TASK DIRECTIONS:
Every line below needs to be printed again exactly, without any of its pictures.

Records excerpted from a collection:
* * *
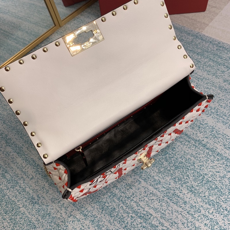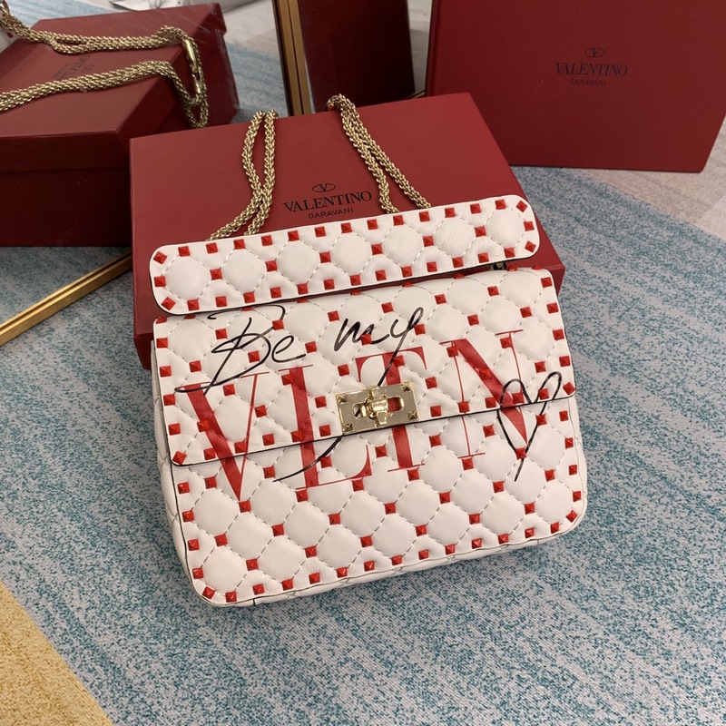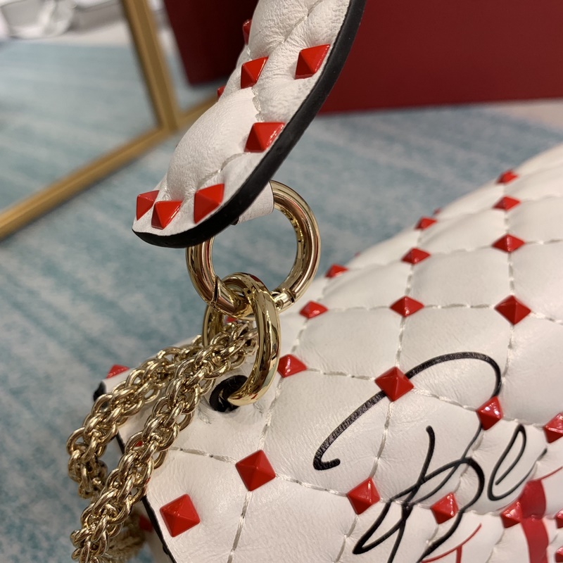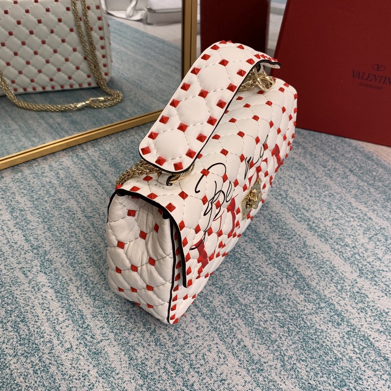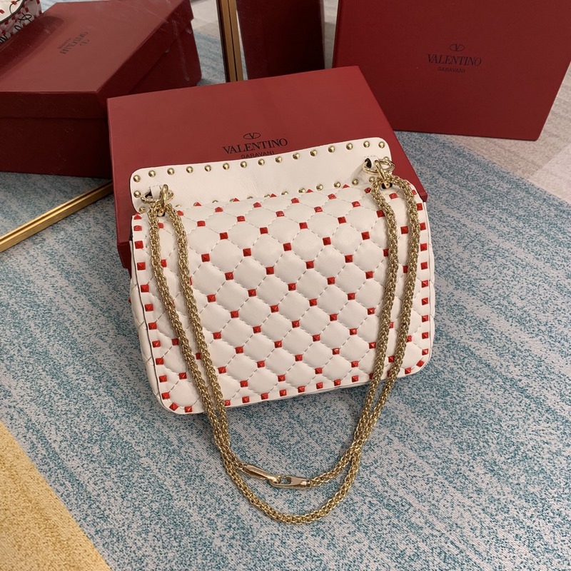 발렌티노의 새로운 팬 빙빙의 동일한 모델 핸드백 가라바니 록스터드 스파이크 모델 번호: V0122 수입 양가죽으로 만든 가방 다이아몬드 퀼팅 자수 정교한 장인 정신과 미니어처 리벳 조립 분리 가능한 핸들 슬라이더와 탈착식 타로 체인 장착 어깨에 메거나 크로스바디로 메거나 손으로 들 수 있음 [기쁘다] 크기: 24*6.5*16cm(상자 포함) 번호: SD96181250
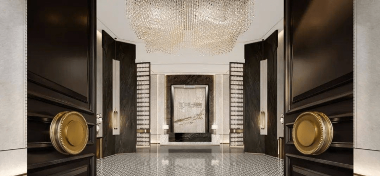 外立面:以“凌云松”为灵感,采用流线型玻璃幕墙+香槟金铝板,复刻御潮府墅境美学
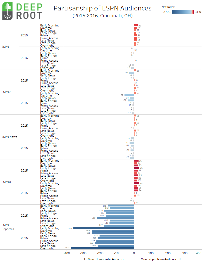 ESPNU, on the other hand, “was the only network that retained its mostly Republican audience,” while the Spanish-language network ESPN Deportes, “became even more Democratic in 2016 than it already was in 2015,” the group reported.
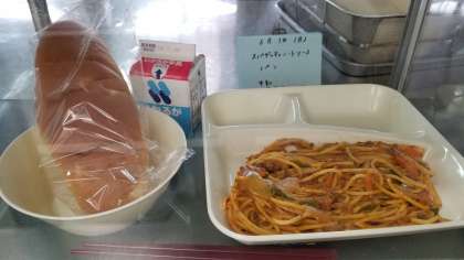 衛生的に給食を食べられるように、子ども達だけでなく教職員も「エプロン・三角巾・マスク」を着用しています。
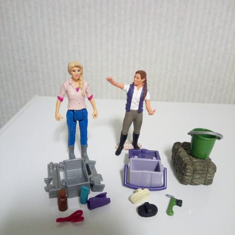 Tässä setissä on paljon pikkutavaroita kahden lapsihahmon lisäksi. Koirankoppi, maastoeste/puunrunko, rengas agilityyn, varsa, puksipuut ja retkitarvikkeet. Kaikki ovat aitoja Schleichejä js sopivat täydentämään tallialuetta.
* * *
COMPLETED EXERCISE:
 발렌티노의 새로운 팬 빙빙의 동일한 모델 핸드백 가라바니 록스터드 스파이크 모델 번호: V0122 수입 양가죽으로 만든 가방 다이아몬드 퀼팅 자수 정교한 장인 정신과 미니어처 리벳 조립 분리 가능한 핸들 슬라이더와 탈착식 타로 체인 장착 어깨에 메거나 크로스바디로 메거나 손으로 들 수 있음 [기쁘다] 크기: 24*6.5*16cm(상자 포함) 번호: SD96181250
 外立面:以“凌云松”为灵感,采用流线型玻璃幕墙+香槟金铝板,复刻御潮府墅境美学
 ESPNU, on the other hand, “was the only network that retained its mostly Republican audience,” while the Spanish-language network ESPN Deportes, “became even more Democratic in 2016 than it already was in 2015,” the group reported.
 衛生的に給食を食べられるように、子ども達だけでなく教職員も「エプロン・三角巾・マスク」を着用しています。
 Tässä setissä on paljon pikkutavaroita kahden lapsihahmon lisäksi. Koirankoppi, maastoeste/puunrunko, rengas agilityyn, varsa, puksipuut ja retkitarvikkeet. Kaikki ovat aitoja Schleichejä js sopivat täydentämään tallialuetta.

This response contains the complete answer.